The thread joint or connection obtained by such an apparatus has various disadvantages. The joint or connecting location itself is very long and extends from one thread clamping device to the other. The desired twisting occurs only inside the vortex chamber, however, so that, in fact, double the thread cross section with false twist exists at the ends of the joint or connecting location, but not the desired thorough intermixture of the individual fibers. In order to be able to hold the thread strands at all, free thread ends of sufficient length must project from the thrad clamping device during the holding operation. These thread ends are not joined or connected to the adjacent strand at all and in addition, have a very disturbing effect.

It is an object of the invention to provide a method and apparatus for effecting joint or connection of textile threads which has a limited length as compared to the thickness of the thread and is formed along the entire length of the joint or connection of twisted individual fibers, the joint or connection having the same tensile strength as the individual threads themselves.

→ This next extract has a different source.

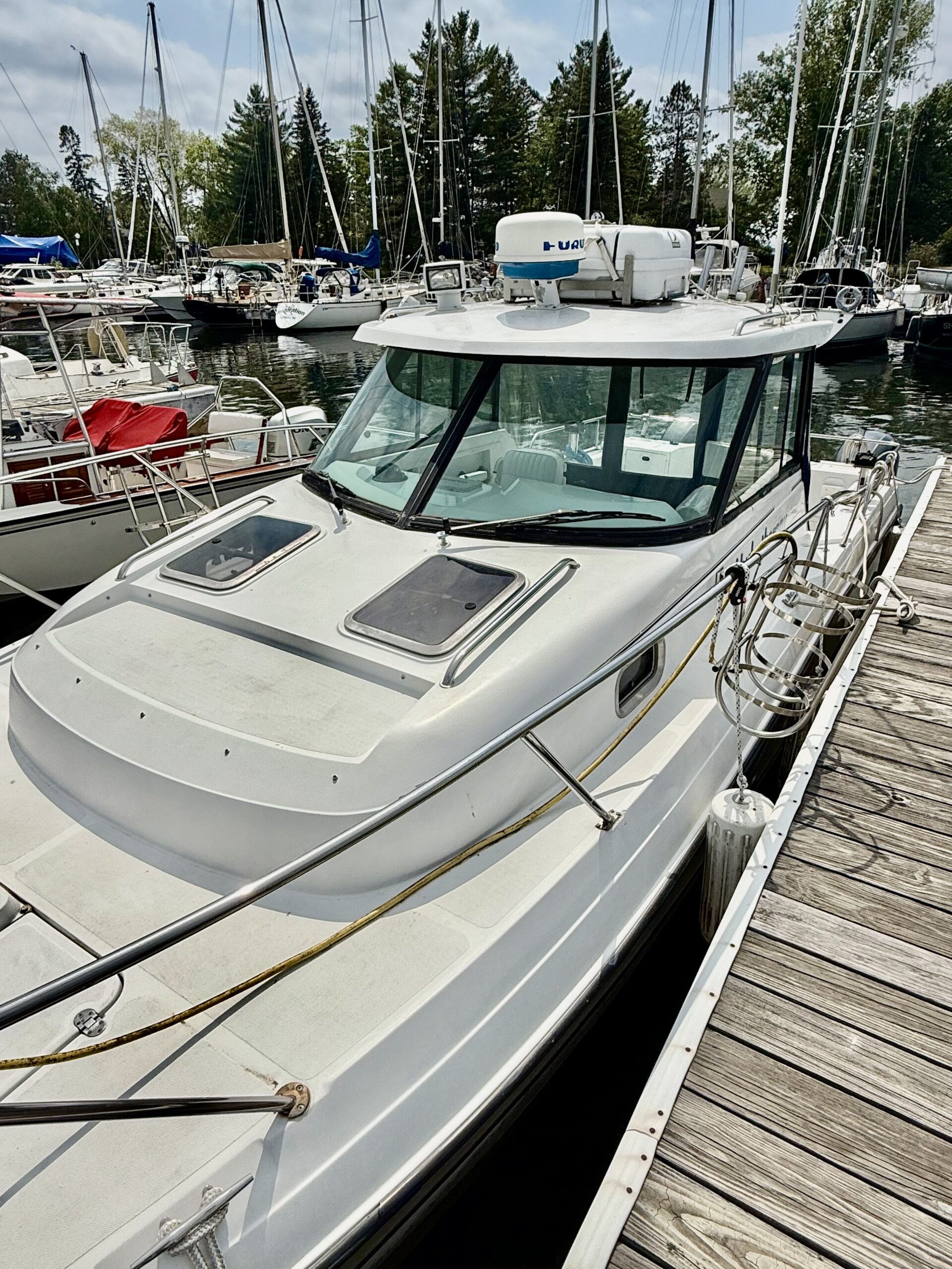 The Glacier Bay is in very good condition and has two 150 HP Yamaha outboard motors which were new in 2019. Since that time the motors have operated less than 50 hours. The boat includes two downriggers, a deck box and many other rehabbed features. The following is a brief description of the features:
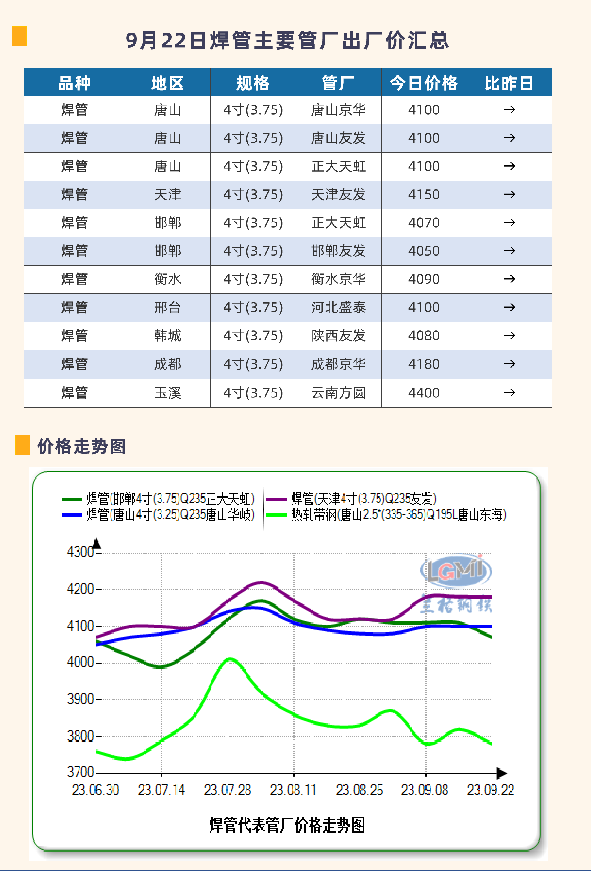 • 9月22日焊管主要管厂出厂价汇总

With the foregoing and other objects in view, there is provided, in accordance with the invention, a method of joining textile threads by means of an apparatus having a vortex chamber formed with an elongated slot for introducing therein threads that are to be joined, the threads being insertable into the vortex chamber adjacent one another and being held by clamping devices outside the vortex chamber, the threads being twistable together in the vortex chamber by compressed air supplied thereto and being thereby joined, which comprises inserting the threads to be joined loosely and without tension into the vortex chamber so as to be looped about opposite end rims of the vortex chamber; twisting together the threads disposed loosely and without tension in the vortex chamber while they are tightly held by the clamping devices, and slackening the thread tension to such an extent that a false twist imposed on the textile threads during twisting together of the threads and consequent shortening of the thread length causes the textile threads to come into contact with the end rims of the vortex chamber. By means of the invention, a joint or connection of textile threads is obtained which is twisted along the entire length thereof, the length of the joint or connection being limited and determined by the length of the vortex chamber per se.

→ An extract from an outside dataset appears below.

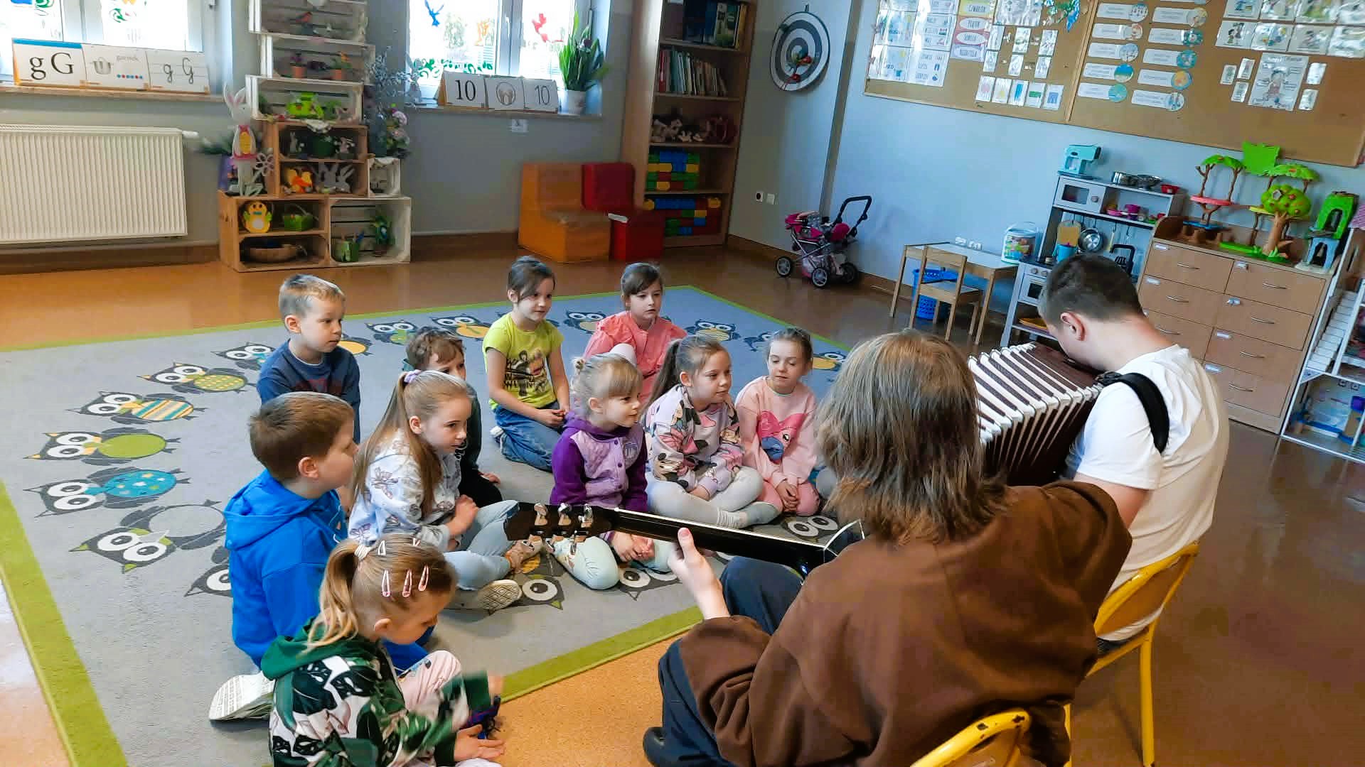 To jednak nie wszystko – uczniowie przygotowywali również różnorodne zabawy, które rozwijały wyobraźnię i integrowały grupę. Szczególną atrakcją były wspólne muzykowanie i zabawy rytmiczne. Dźwięki instrumentów, śpiew oraz spontaniczna radość tworzyły niepowtarzalny klimat, który na długo pozostawał w pamięci najmłodszych.

In order to mechanize the operations advantageously, there is provided in accordance with another mode of the invention, an improved method which comprises receiving and holding fast a thread end of a take-up thread by means of a pivotable thread holder and receiving and holding fast a thread end of a supply thread by means of another pivotable thread holder for inserting the respective threads into the vortex chamber; from a starting position placing the arms of a double-armed thread regulator at opposite sides of the vortex chamber against the threads projecting beyond the end rims of the vortex chamber and bringing the thread regulator into an end position thereof wherein the threads have become looped about the end rims of the vortex chamber; simultaneously closing the thread clamping devices that had remained open until then; returning the thread regulator to an intermediate position between the end position and the starting position thereof; thereafter performing the twisting together of the threads in the vortex chamber by supplying compressed air into the vortex chamber; reopening the thread clamping devices; and severing, at a location beyond the twisted-together connection, the thread ends that remain held by the pivotable thread holders.

While the emphasis has been placed heretofore on guiding the textile threads to be joined in axial direction of the vortex chamber, this axial guidance is now completely dispensed with and provision is made intentionally that, during the twisting process, contact of the thread strands with the end rims of the vortex chamber occurs. Due to these measures, the joint or connection location becomes extrenely strong and durable owing to the fact that the imposed false twist is arrested at the end rims of the vortex chamber and an especially intensive joining or connection of the individual fibers occurs at these end rims.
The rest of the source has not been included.